Exercise data:
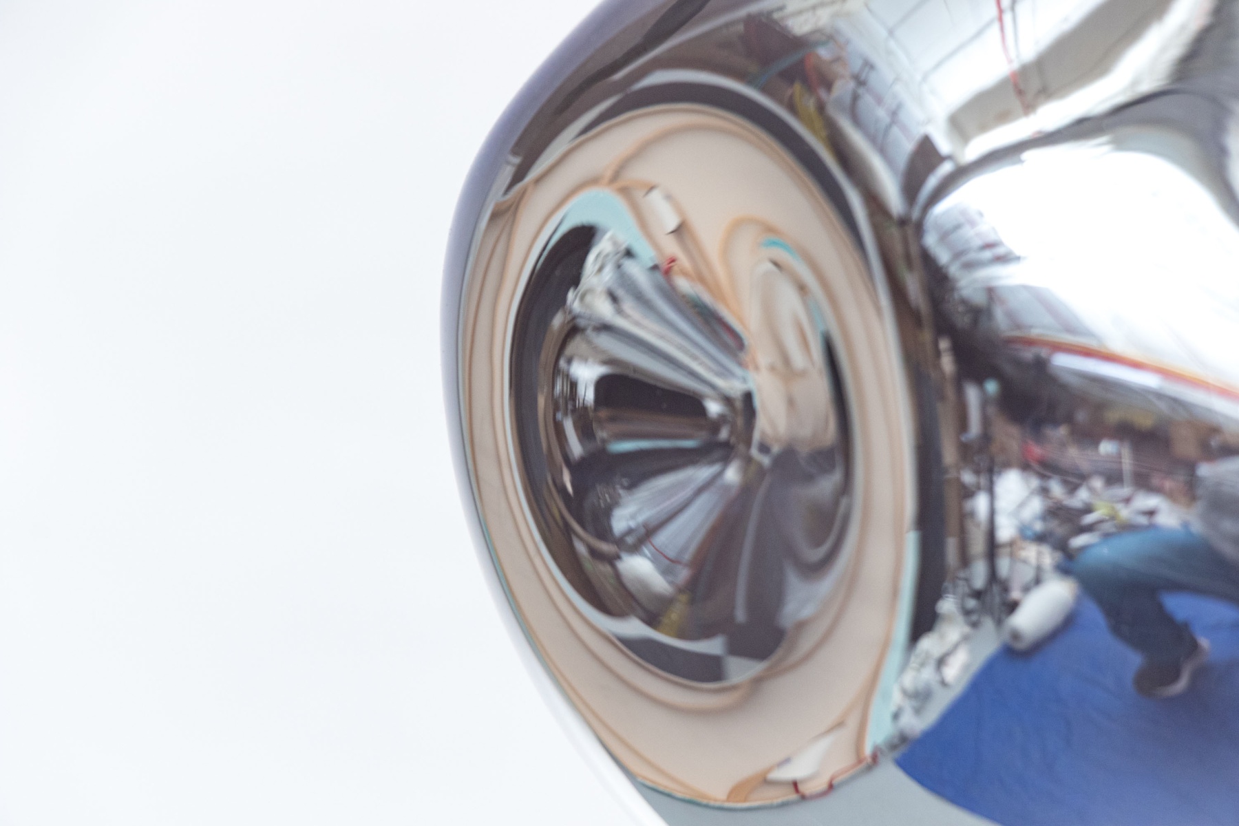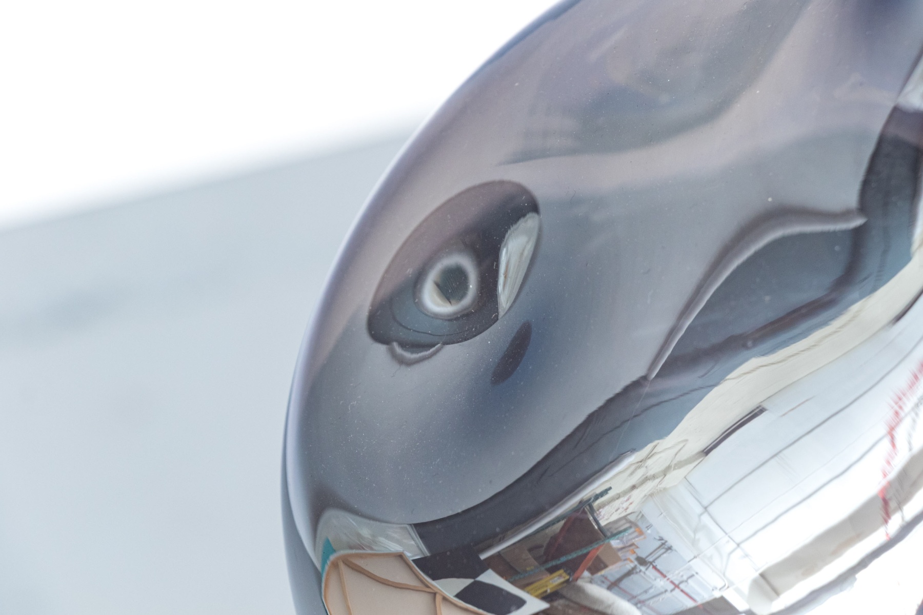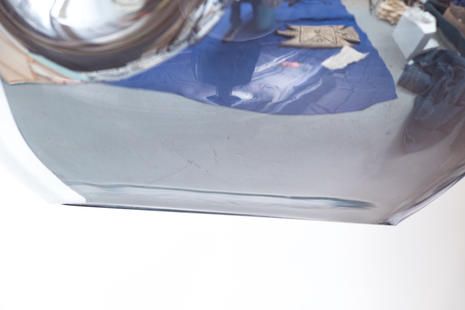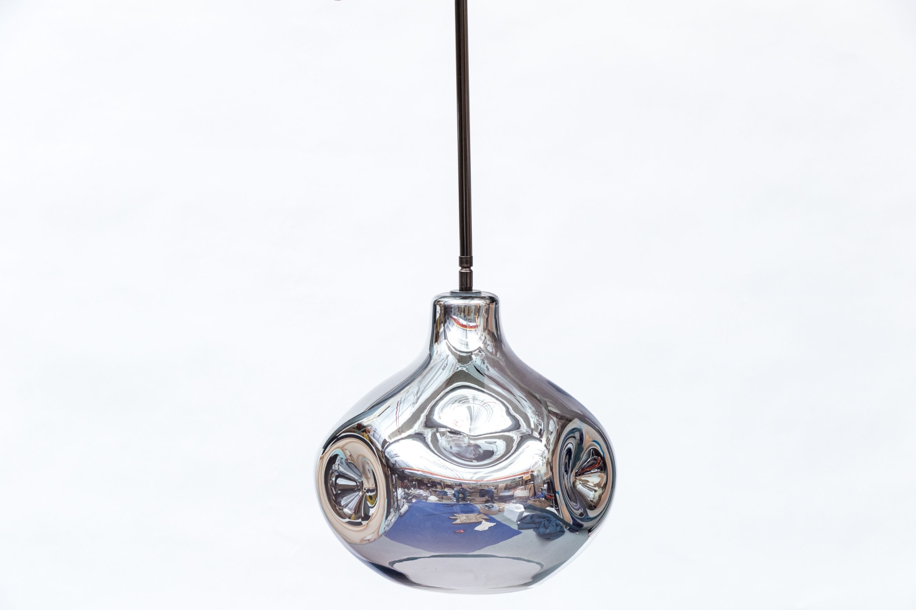 Chrome finished glass shade with one bulb with pole above rising to the cieling flush mount.
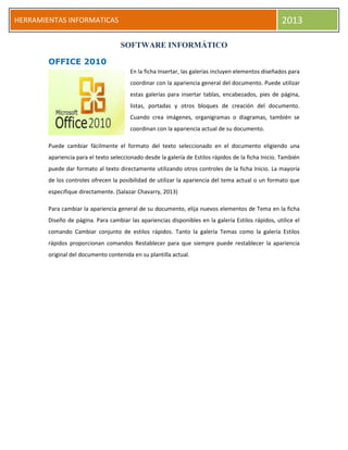 El documento describe las herramientas informáticas Office 2010, incluyendo Microsoft Word, Excel, PowerPoint, Outlook y OneNote. Explica que cada programa permite insertar elementos como tablas, encabezados y pies de página a través de galerías. Además, permite cambiar fácilmente el formato y apariencia del texto y documentos mediante la selección de estilos y temas.
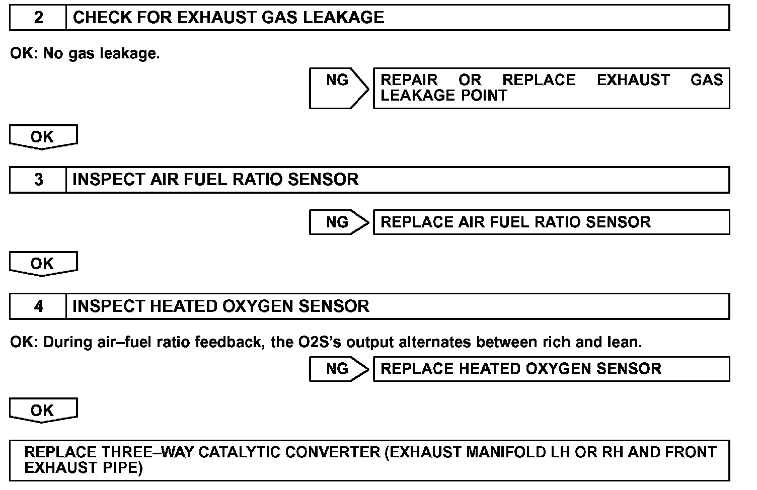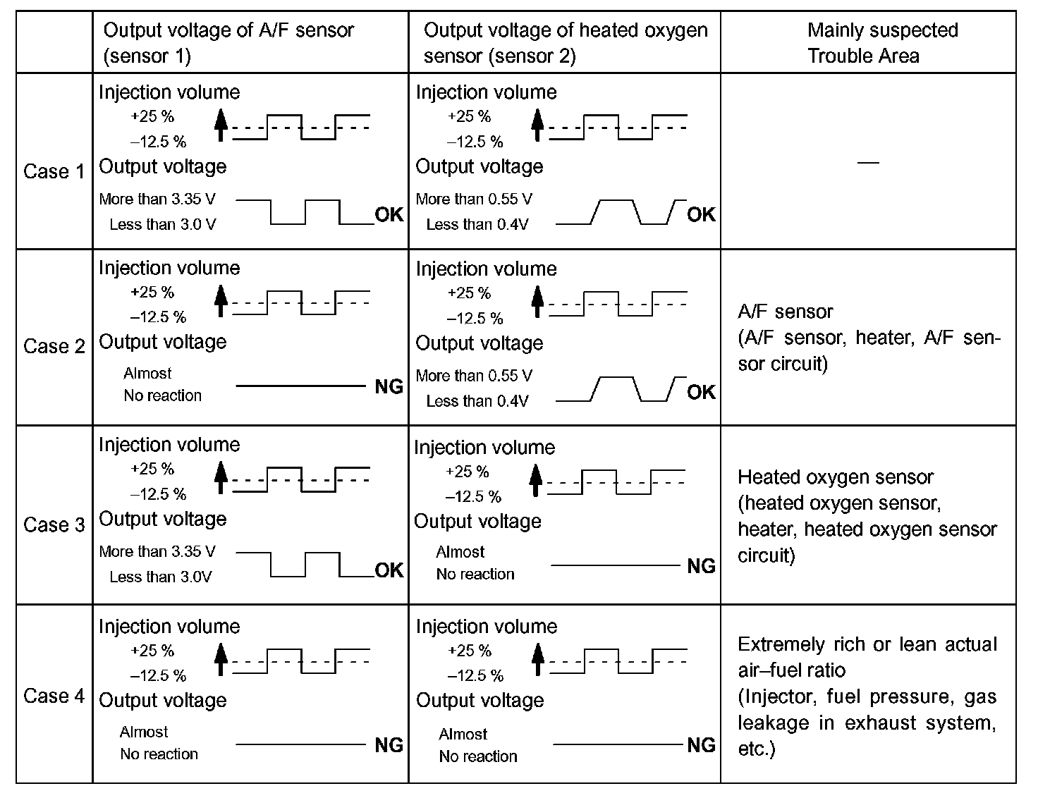 - The following procedure enables the technician to identify a trouble area if malfunction in A/F sensors front or rear heated oxygen sensors other than the catalyst converter, or the malfunction that indicates the actual air-fuel ratio extremely RICH or LEAN.

Task objective:
When you restate the listing, keep every word as it is and drop the pictures.

Finished task:
 Chrome finished glass shade with one bulb with pole above rising to the cieling flush mount.
 El documento describe las herramientas informáticas Office 2010, incluyendo Microsoft Word, Excel, PowerPoint, Outlook y OneNote. Explica que cada programa permite insertar elementos como tablas, encabezados y pies de página a través de galerías. Además, permite cambiar fácilmente el formato y apariencia del texto y documentos mediante la selección de estilos y temas.
 - The following procedure enables the technician to identify a trouble area if malfunction in A/F sensors front or rear heated oxygen sensors other than the catalyst converter, or the malfunction that indicates the actual air-fuel ratio extremely RICH or LEAN.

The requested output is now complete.